ATHENS, Greece (AP) — Protesters took to the streets of Athens for the seventh consecutive day Friday, vowing to maintain pressure on the government with both peaceful demonstrations and violent clashes that left one police officer engulfed in flames.
Youths pelted riot police with rocks and firebombs. One officer flailed, covered in blazing gasoline, as his colleagues rushed to extinguish him. He was ultimately unhurt.
Demonstrators in France and Germany put on shows of support for the Greeks protests, which are driven in part by the widening gap between rich and poor in a country where the minimum monthly wage is euro658 ($850), graduates have poor job prospects and the government is making painful reforms to the pension system.
“It is clear that this wave of discontent will not die down. This rage is spreading because the underlying causes remain,” said veteran left-wing politician Leonidas Kyrkos. “These protests are a vehicle with which people can claim their rights and shatter indifference and false promises.”
Beleaguered Prime Minister Costas Karamanlis ruled out early elections, however, saying from Brussels, Belgium that the country needs a steady hand to steer it through the global financial crisis.
“That is my concern and the concern and the priority of the government, and not scenarios about elections and successions,” he said.
“We must make a very clear distinction between the overwhelming majority of the Greek people who of course have every right to express their sorrow at the death of a young boy, and the minority of extremists who take refuge in acts of extreme violence.”
Dozens of people have been treated in hospitals during the unrest, sparked last Saturday by the death of 15-year-old Alexandros Grigoropoulos.
The level of violence has abated but tear gas and the smoke from burned cars still hang in the air in central Athens. Hundreds of businesses have been burned or smashed and looted in cities across Greece. Banks in particular have been targeted, with terrified employees fleeing as protesters smashed recently replaced windows of branches along central Syntagma Square.
“Financial targets are being attacked, like banks, to prove a point of economic oppression … some people hardly have enough eat,” said Constantinos Sakkas, a 23-year-old protest organizer.
“We’re against the attacks on small stores,” he added. “The purpose of all this is for our demands to be heard. This just isn’t for us.
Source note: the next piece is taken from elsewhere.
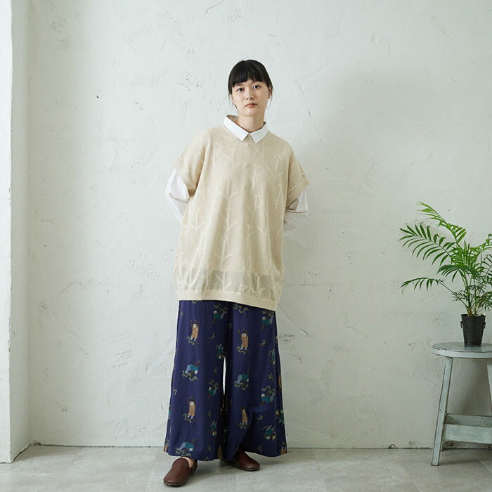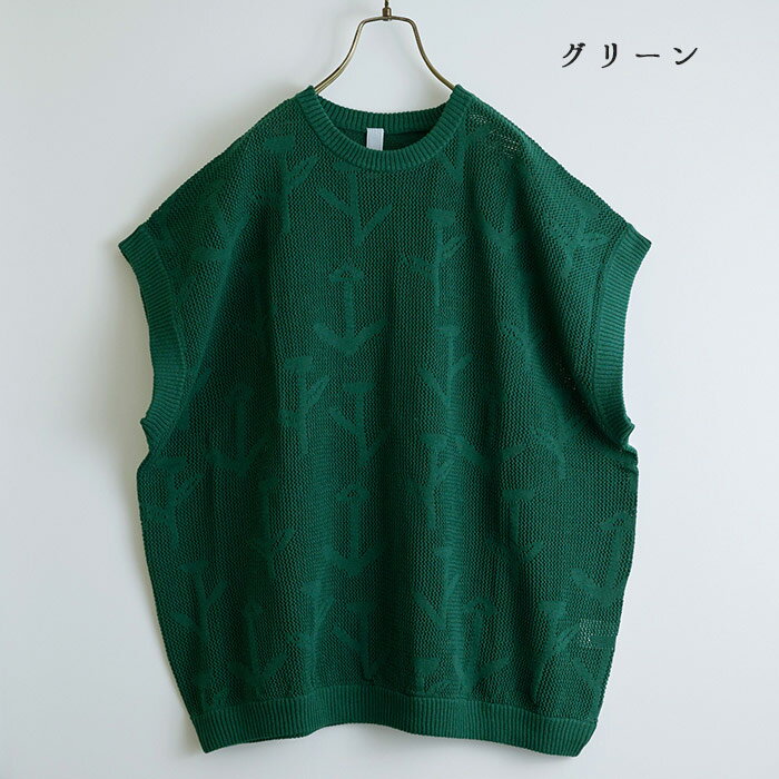 花編みニットベスト レディース トップス 大人の ナチュラル カジュアル イマゴ ゆったりめ

It’s for everyone.”
In Paris, about 300 demonstrators gathered outside the Greek Embassy. Some scuffled with police and spilled over onto the Champs-Elysees, partly blocking Paris’ most famous avenue, some ripping out streetlights from the center of the road as they moved along.
“Police, pigs, everywhere!” they shouted, bemused bystanders in red Santa hats watching as police vans with and riot officers in helmets and shields marched down the avenue in their wake.
Outside the embassy, demonstrators shouted “Murderous Greek state!” and “A police officer, a bullet, that is social justice!”
Hundreds of protesters also marched through Berlin’s Kreuzberg neighborhood, behind a van broadcasting messages of solidarity with the Greek protesters.
Earlier in the week, protesters in Spain, Denmark and Italy smashed shop windows, pelted police with bottles and attacked banks, while in France, cars were set ablaze outside the Greek consulate in Bordeaux, where protesters scrawled graffiti warning about a looming “insurrection.”
Associated Press writers across Europe contributed.